Larger volume fat cells have greater outer surface area and thus become more vulnerable to being infected by viruses, and the larger volume means a larger reservoir for a virus to replicate. The increased viral load from all the extra adipose tissue then overwhelms the immune system. It’s the increased amount of adipose tissue present in obese people that explains why nearly 80% of all COVID deaths have been in the clinically obese population.

But enough about that, in terms of strength training... Can the number of muscle cells in humans, similar to fat cells, increase during childhood and adolescence (have more of a hyperplasia adaptation)?

If so, wouldn’t people that start strength training in their early teens have a big advantage in terms of overall muscle mass and strength by getting a hyperplasia adaptation in addition to hypertrophy from strength training during their teenage years?

Mark Rippetoe

I don't know.


While not addressing your question exactly. Andy Galpin discusses hyperplasia in general here 39.30 minutes into this video.

James Rodgers

going to leave a gaping hole in your arm.

I got Moderna shot #1 today and other than an overwhelming desire to do Bill Gates' bidding, I feel fine.
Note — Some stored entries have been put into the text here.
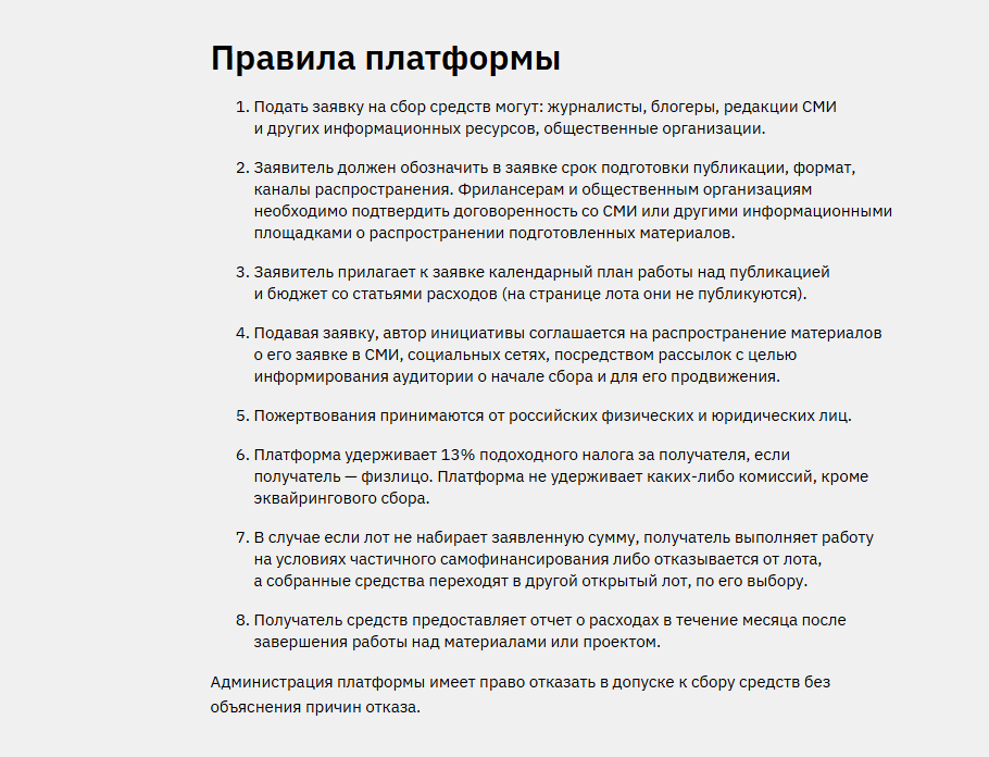 Администрация может отказать без объяснений. Жертвуют только граждане и компании из России. С физлиц удерживают 13% НДФЛ. Других комиссий нет, кроме банковского сбора.
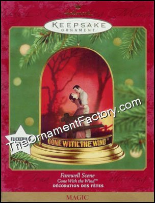A unique ornament – Reflects one of the most breathtaking scenes in the film Gone With the Wind. As the city of Atlanta burns, Captain Rhett Butler guides a stolen horse and wagon through the flames and mobs to rescue Scarlett O’Hara, Prissy, Melanie Wilkes, and her baby. Rhett then lifts Scarlett from the wagon and bids her farewell. Scarlett, frightened and angry, cannot believe that he could leave her to join the retreating troops. Dialogue from this famous scene appears on the back of this ornament.
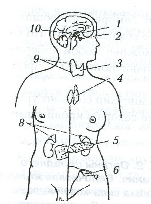 В эндокринную систему входят: гипоталамус (подбуторье) — часть центральной нервной системы; гипофиз; шишковидное тело (эпифиз); щитовидная железа; паращитовидные железы; островковый аппарат поджелудочной железы; надпочечники; яичники (яички); вилочковая железа.
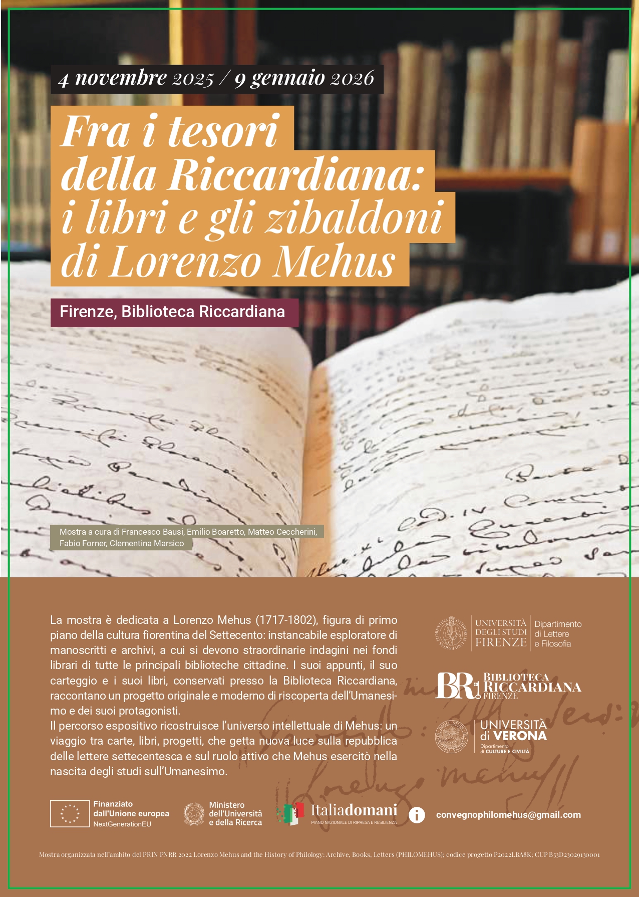 La mostra – a cura di Francesco Bausi, Emilio Boaretto, Matteo Ceccherini, Fabio Forner, Clementina Marsico – nasce dalla collaborazione della Biblioteca con l’Università di Firenze e l’Università di Verona.
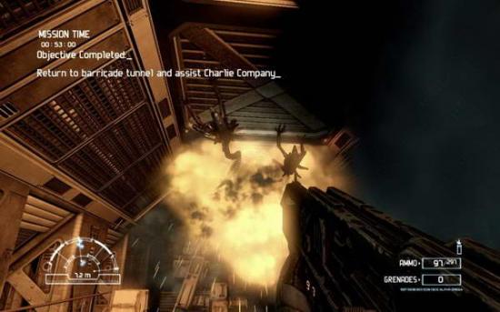 外面,长官训话“听好了,大兵们,这里可能有大批的异形卵,我们的任务就是打虫子!*@!¥%#¥……”远处是一燃烧的建筑,看来那就是目标了。看到这个形式,我们的主角吓的咕咚一声趴到了地上!然后当然是掐人中、揉肚子一通手忙脚乱把主角弄醒了。“好了,陆战队员们,我们进去看看里面有什么”我不想去啊,别拽我啊!主角被两个硬架着往前向了入口处。然后是黑暗中的“第三类接触”,枪声、刀声、惨叫声响成了一片……
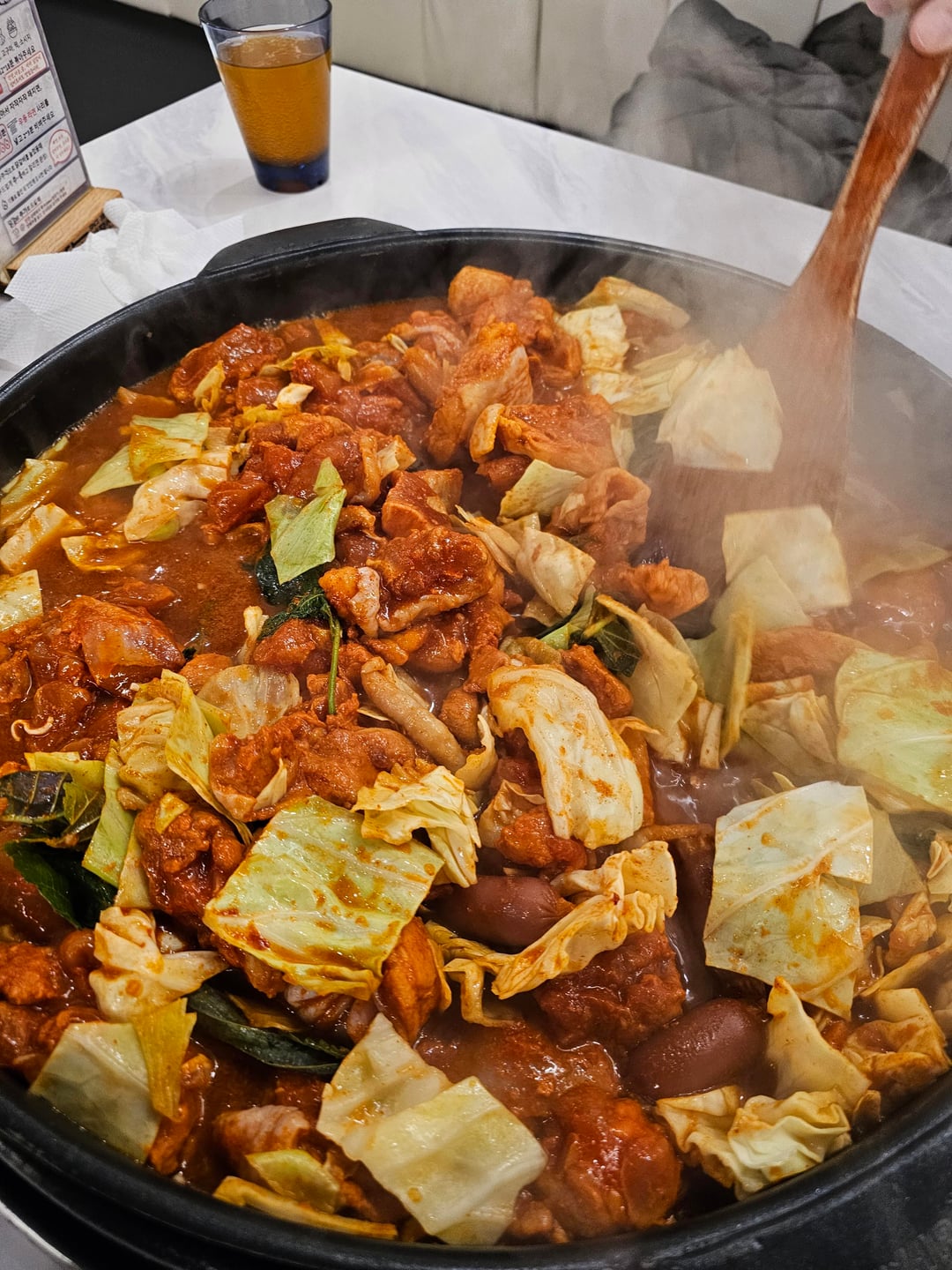 Dakgalbi. In Korea, they create magical food with chicken, vegetables, and gochujang-based seasoning sauce.

I'll report back if it messes with my bench pressing on Friday.

Best of the Forum

Left Hip Discomfort Due to Scoliosis

C. L. Lloyd

As of late, my progress on the squat has been significantly more difficult than any of the other lifts. I’m a 27 year old male that was born with three birth defects; clubbed feet, spinal bifida (which included a tethered spine), and scoliosis. The spinal bifida and scoliosis are located in my lower back (I forget at which vertebrae). I decided I would carefully but consistently strength train in order to strengthen myself for what could be a difficult aging process.
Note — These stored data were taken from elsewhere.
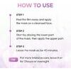 Uzlieciet masku uz tīras sejas ādas un noņemiet pēc aptuveni 40 minūtēm, kad tā kļūst caurspīdīga un sāk nožūt.
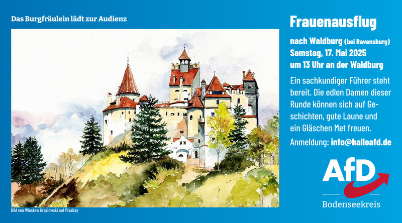 Das Burgfräulein lädt zur Audienz: Frauenausflug nach Waldburg (bei Ravensburg) am Samstag, den 17. Mai 2025 um 13 Uhr an der Waldburg in 88289 Waldburg Fahrgemeinschaften werden nach Bedarf organisiert. Es steht wieder ein sachkundiger Führer bereit. Die edlen Damen dieser Runde können sich...
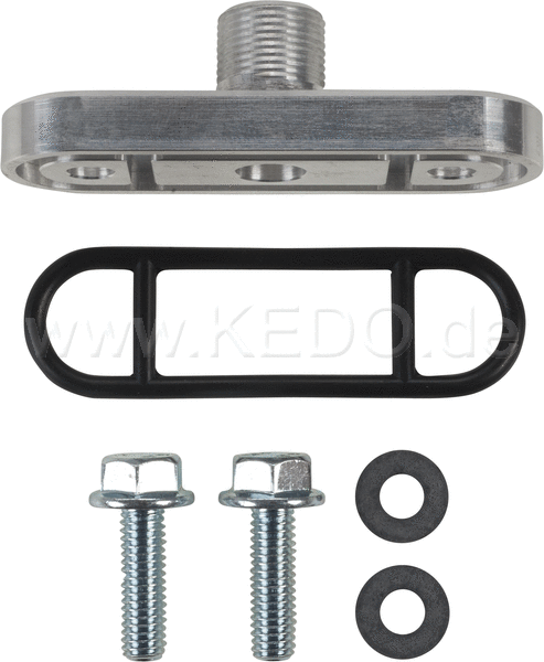 Kedo Fuel petcock adapter SR500 (OEM flange to M14x1, bolt distance 46mm) incl screws and gasket -> matching fuel petcock see item 29251/50597. | 50692
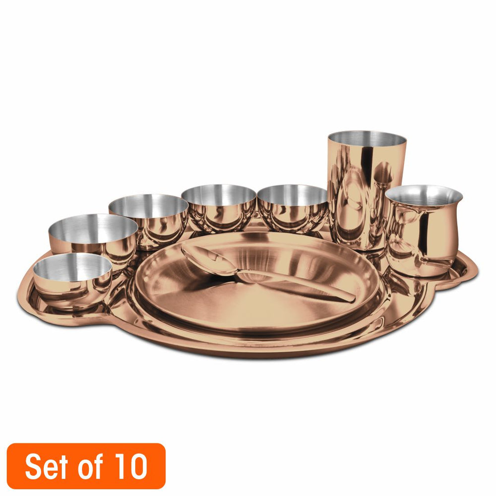 This Shri and Sam thali set is a complete set that has a shiny finish to it. This thali set is a premium product that could be an ideal choice when guests come home. This beautiful thali set lets you serve every meal with pride and in an organized fashion. This product is ideal for any kind of table setting. This product is made from high-quality stainless steel and is durable enough that it will not bend or break. Moreover, it is really easy to clean this thali set. This thali set can nest anywhere in your kitchen as it does not take much space.
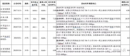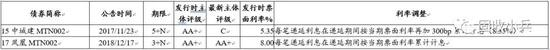 2.如果调整后票面利率远远高于发行时的票面利率(15森工集MTN001、15宜化化工MTN002),而发行人却依然选择展期或递延利息,很可能是发行人出现了财务危机,一般伴随着评级的下降。
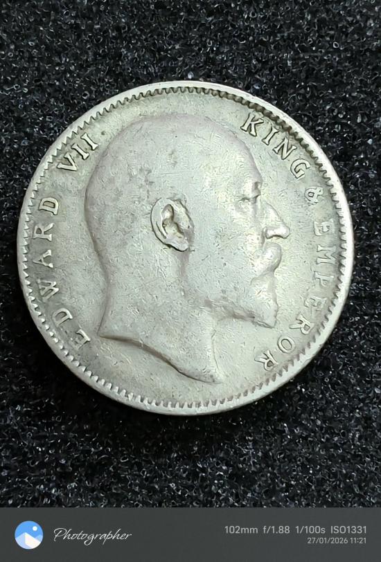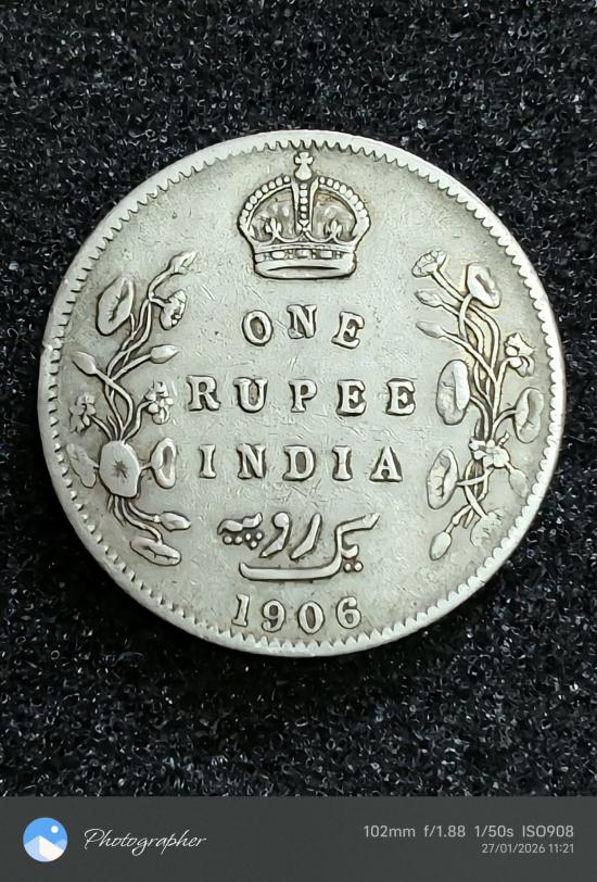 เหรียญเงิน 1 รูปี ปี 1906 เนื้อเงิน 90 % นำ้หนัก 11.53 g เก่าน่าสะสม แท้รับประกัน
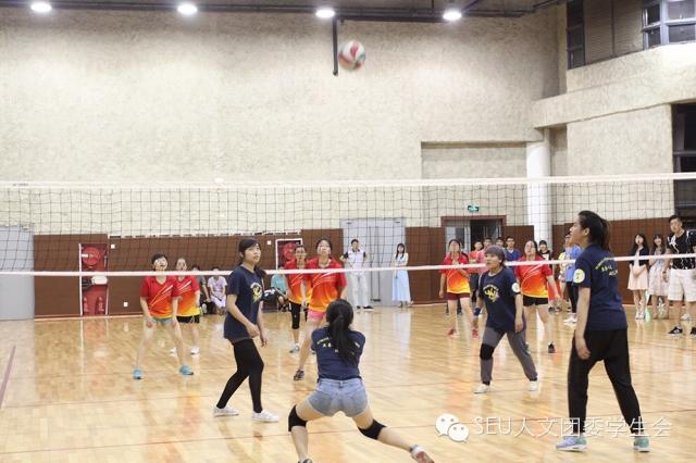 本学期刚开始,院系杯比赛就热火朝天地进行。女排、男排均一路轻松晋级,顺利进入到最后的半决赛阶段。女排半决赛以2:0的大比分击败生医进入决赛,对阵法学院。在小组赛中,她们就曾激烈比拼过。决赛的再次相遇,双方都摩拳擦掌。最后人文女排凭借沉稳的心态和不懈的努力,一个个激烈的扣杀,一个个精准的传球,慢慢拉开差距,连胜两局,捧起冠军的奖杯。男排半决赛不敌法学院,争夺三四名时以微弱的差距败给材料学院,获得第四名的成绩。

I started relatively low on the squat (95 lbs) because I had never done it. Initially, the progress was smooth and consistent. I understand the progress will slow as the weight increases and I had reduced to 5 lb jumps once I reached 155. However, I noticed that once I surpassed my body weight (about 165 lbs), my left hip began to feel notably uncomfortable.
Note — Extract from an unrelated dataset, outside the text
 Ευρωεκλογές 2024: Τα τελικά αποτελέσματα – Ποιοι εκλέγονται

My spine is curved such that my left hip is lower than my right by about an inch and a half. I wear a lift in my right shoe to compensate for the discrepancy in leg length. However, my hips are never evenly loaded when lifting. At the bottom of the squat, I find it increasingly difficult to drive up and my left hip often feels seriously uncomfortable when doing so. This has made increasing the weight difficult. Thankfully, I have not sustained any sort of injury and the discomfort typically subsides after several hours. I do not experience any hip discomfort as a result of deadlifting. I currently deadlift twice a week and my PR is 205 (which I set last week). I’m wondering if there is anything I can do to continue making progress with the squat while also not injuring my hip.

Mark Rippetoe

Check for this: Leg Length Discrepancy. If you have a 1.5-inch discrepancy at the floor, a lift inside your shoe is pointless. If this can't be corrected, it may be that you cannot squat safely.

David Kirkham

First off let me commend you for wanting to get stronger in the face of so much adversity. A 165 squat is a long way from an empty bar and that deserves serious respect. I wonder if you would be willing to post a picture or two of you standing on different level shims all the way up to a 2 x 4 (which is 1-1/2" wide). You could send the photos from behind to protect privacy if you want. I'd also post a video of you squatting and deadlifting. I'm quite sure Rip will respond to you. He has an AR400 exterior, but he's actually fully annealed on the inside to those who really want to learn.


If the conclusion is made that squatting isn’t safe in this situation, would you recommend any substitute for squats or just continue to do the other lifts? Subs like Leg press, belt squats, etc?

Mark Rippetoe

Heavy leg presses are not good for anybody's low back. The rest depends on the anatomy, which I don't have a picture of.